Each vault has its own unique receipt token, which is minted every time you make a deposit. These receipt tokens have an inherent value that is linked to the perpetual ratio of the vault. As the perpetual ratio for a vault increases, so does the value of your underlying receipt token. In this way, the perpetual ratio acts as an internal pricing mechanism for our vaults.
At a high level, you can think of the perpetual ratio as an exchange rate between the vault token and the vault receipt token. For example, using the currency pair for the pound and the euro, GBP/EUR. An exchange rate of 100 would mean that 1 pound equals 100 euros. In a similar fashion, if the perpetual ratio of a vault was 100, it would mean 1 vault receipt token equals 100 of the underlying vault token.
In short, the perpetual ratio is a unique and powerful mechanism that has been integrated across all our vaults to ensure you're able to generate significant returns over time. Not only does it provide a fantastic opportunity for those who want to see their balance grow exponentially, but it also allows you to earn an increasing amount of rewards as your underlying balance grows.

## FAQs

• The way in which the perpetual ratio operates can be visualized as a double-sided scale, with the weight of staked tokens on one side and the weight of receipt tokens on the other. When the supply of staked tokens increases and the supply of receipt tokens remains constant, this creates an imbalance and causes the side holding receipt tokens to become heavier.
• Think of it as two pans hanging from a balance beam, with the staked tokens on one pan and the receipt tokens on the other. If the supply of staked tokens increases and the supply of receipt tokens stays the same, the side holding the staked tokens will become heavier and the scale will tilt towards that side.
• This imbalance occurs in certain situations when the protocol adds tokens to the vault without minting an equivalent amount of receipt tokens. For example, this happens when the protocol adds tokens from the deposit fee or withdrawal fee. As a result, you can expect the perpetual ratio of a vault to increase every time tokens are deposited, unless the deposit fee is set to 0%. Similarly, if there is a withdrawal fee, the perpetual ratio will increase with each withdrawal.
• The Perpetual Ratio is a key metric that can impact the value of your staked tokens in a vault. As the perpetual ratio increases, the value of your receipt tokens will also increase, which will translate to an increased staked balance in the vault.
This in turn, can result in you receiving a larger share of the rewards allocated to the vault, and a higher balance of compounded yields that can be withdrawn.
• In order to maximize the benefits of the Perpetual Ratio, it is recommended that you aim for a low perpetual ratio by entering the vault as early as possible and staying staked for as long as possible. However, it is important to note that remaining staked or entering early is not required, as the Perpetual Ratio is guaranteed to increase as the TVL of the vault grows.

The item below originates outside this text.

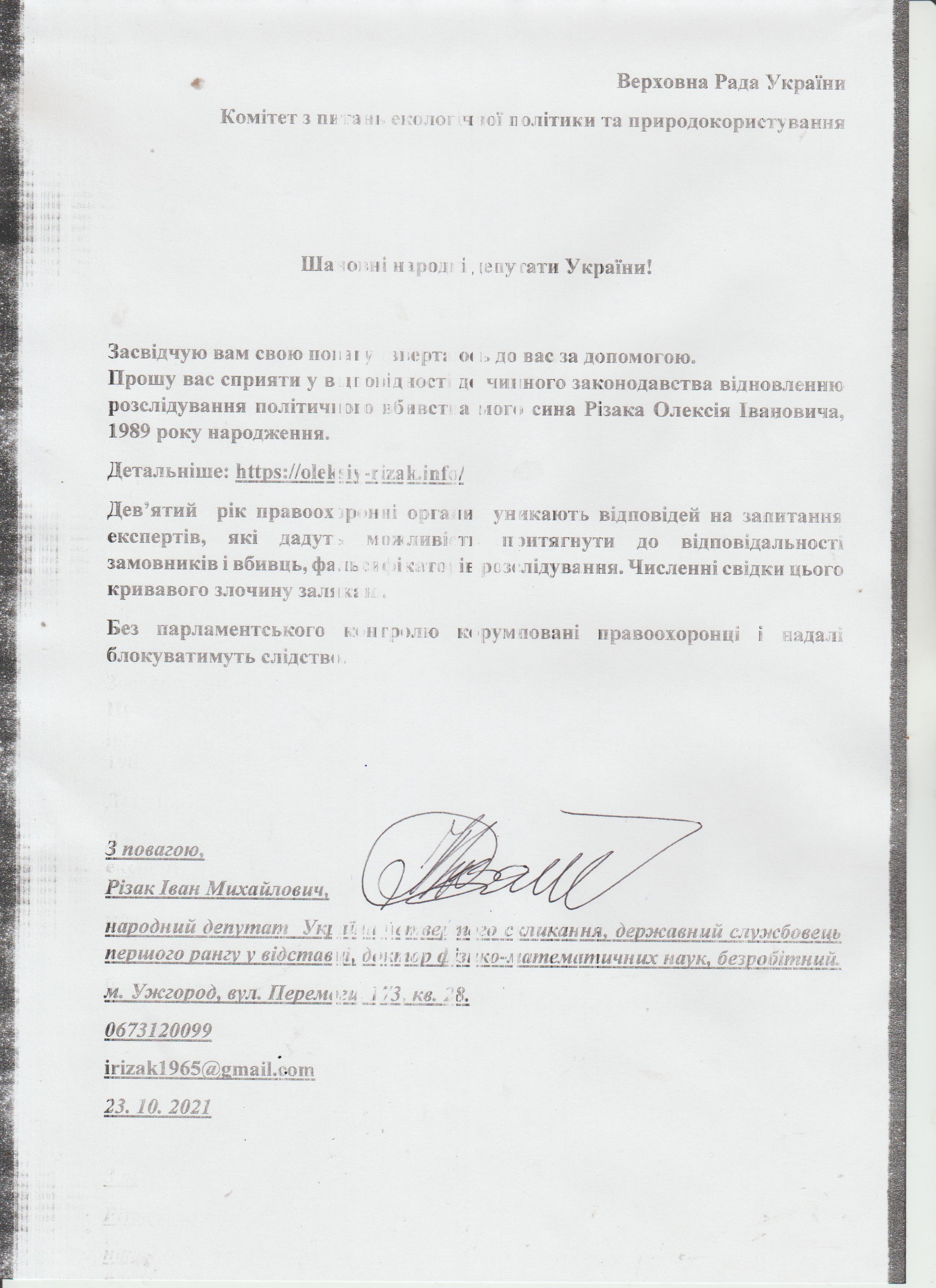 23.10.2021. Звернення Івана Різака до Комітету Верховної Ради України з питань екологічної політики та природокористування

• Regardless of your strategy, it is important to be aware of how the Perpetual Ratio works and how it can impact your position in the vault. Keep in mind that if you make a withdrawal, your receipt tokens will not be the same amount as when you redeposit, as the Perpetual Ratio would have increased.
• The perpetual ratio in a vault will never decrease when you make a withdrawal. When you withdraw your staked tokens, our protocol burns an equal amount of receipt tokens and removes the same amount of staked tokens from the vault. So, the balance between staked and receipt tokens is maintained, keeping the perpetual ratio constant.
• However, if a withdrawal fee is added, you will receive fewer staked tokens in exchange for the same amount of receipt tokens being burned. This means that the balance of staked and receipt tokens in the vault will decrease, and the perpetual ratio will increase. In short, the perpetual ratio remains constant unless a withdrawal fee is added, in which case it can increase.